Inkonstitusionalitas Presidensial Treshold

Inkonstitusionalitas Presidensial Treshold
Agus Riewanto  ;  Pengajar Fakultas Hukum dan Program Pascasarjana
Ilmu Hukum, Universitas Sebelas Maret Surakarta
                                             SUARA MERDEKA, 21 Januari 2017

                                                                                                                                                           
                                                                                                                                                           

MESKIPUN pemilihan presiden baru akan berlangsung pada 2019, aroma persaingan antarparpol mulai terlihat. Persaingan agar partai politik (parpol) bisa mengusung calon presiden, terlihat dari pembahasan RUU Penyelengaraan Pemilu, terutama soal ambang batas suara parpol bisa mengusung calon presiden (presidential threshold).

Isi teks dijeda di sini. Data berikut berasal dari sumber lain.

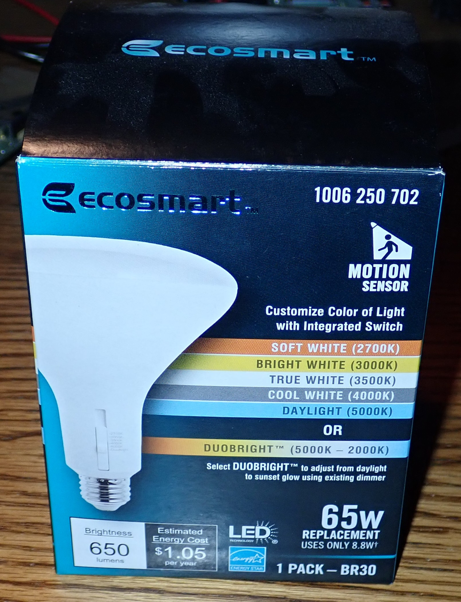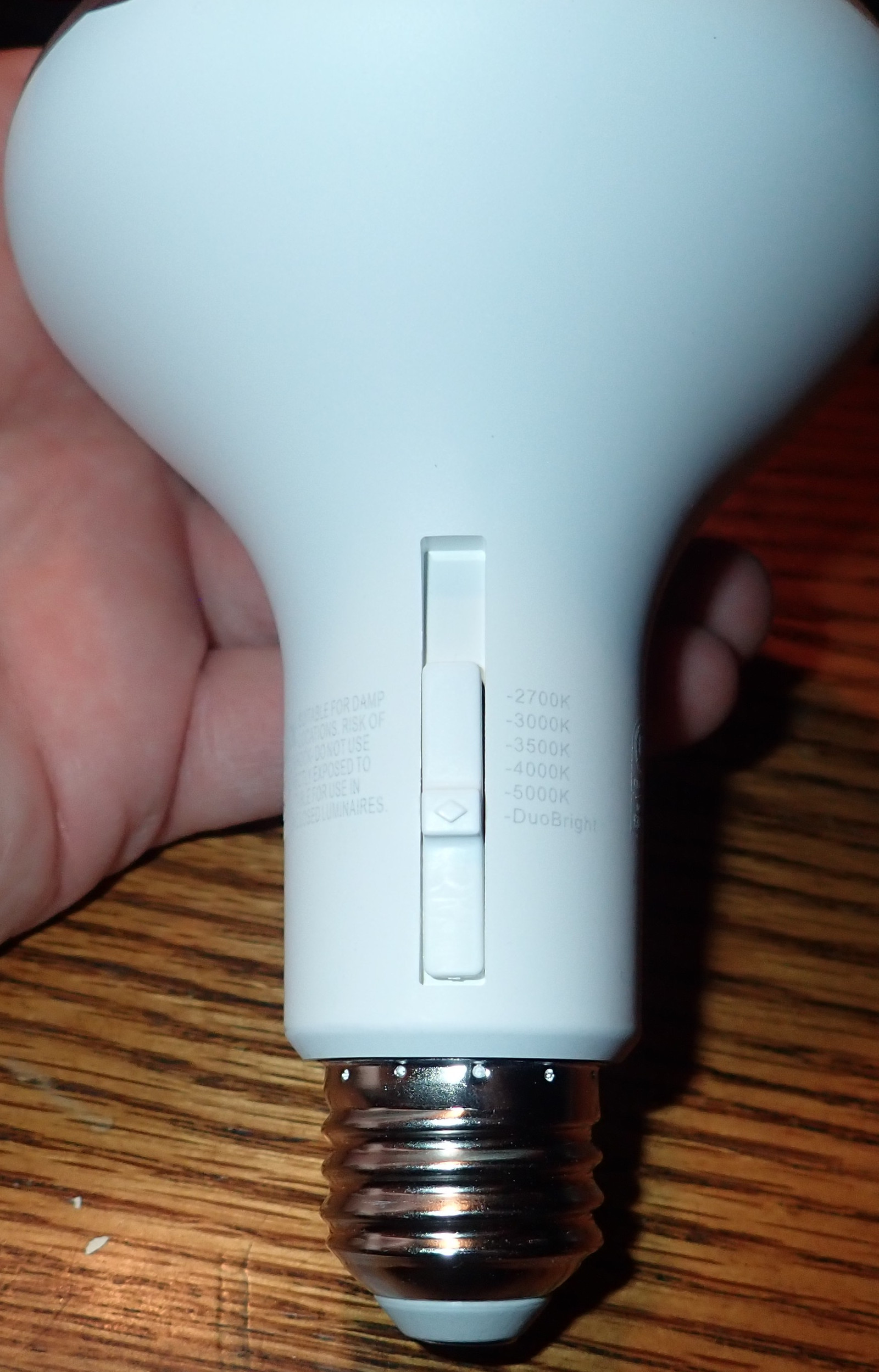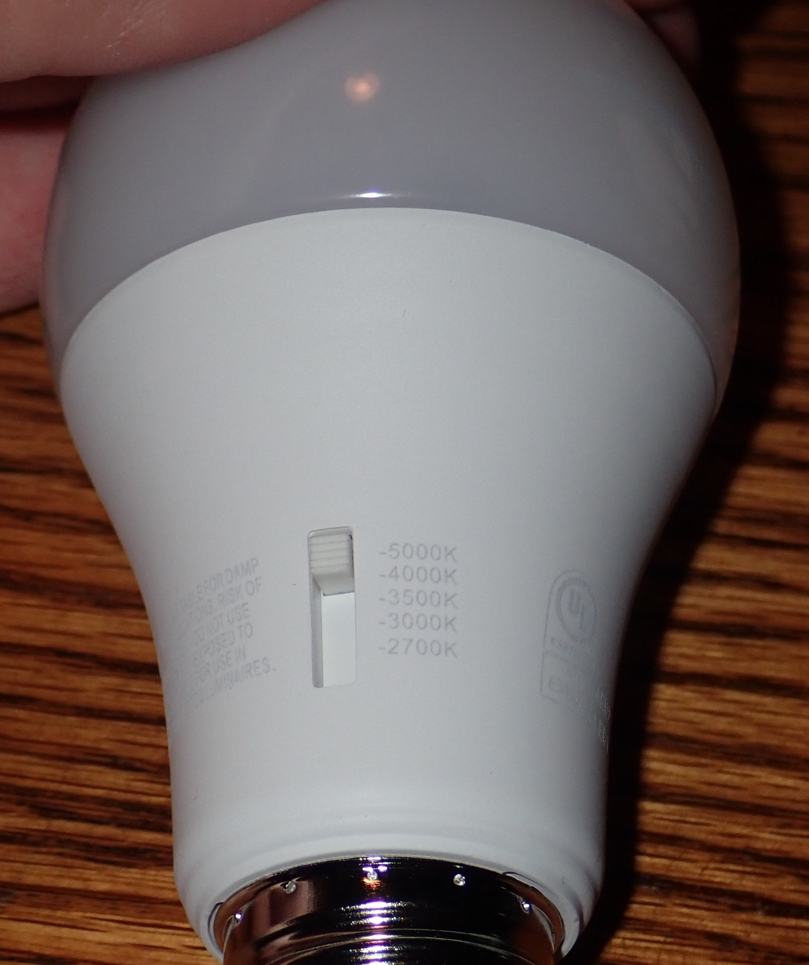 My next bulb here is an example of something fairly new - it’s a bulb with a switch on the side that allows you to select the color temperature at installation time. This one, as I found out when I got it home, is actually a motion sensor light, and I have to say, a dimmable, color temperature selectable, motion sensor light is… well, it’s obviously a thing, but I can’t exactly figure out what it’s for.

Sebagian parpol menginginkan penghapusan presidential threshold dan sebagian lainnya ingin mempertahankan sistem itu.(Suara Merdeka, 19 Januari 2017). Sebuah kebijakan pembuatan peraturan perundang-undangan (legal policy) tidak dapat dilepaskan dari rujukan konstitusi (UUD 1945), termasuk pembuatan RUU Penyelenggara Pemilu yang terkait dengan presidential treshold (selanjutnya di tulis Pres-T).

Jika dibaca secara cermat dan dalam batas penalaran hukum yang wajar maka sesungguhnya berdasarkan pada ketentuan Pasal 6 A Ayat (2) UUD 1945 dengan tegas dinyatakan, bahwa pasangan calon presiden dan wakil presiden diusulkan oleh partai politik atau gabungan partai politik peserta pemilihan umum sebelum pelaksanaan pemilihan umum. Pasangan calon presiden dan wakil presiden diajukan oleh partai politik.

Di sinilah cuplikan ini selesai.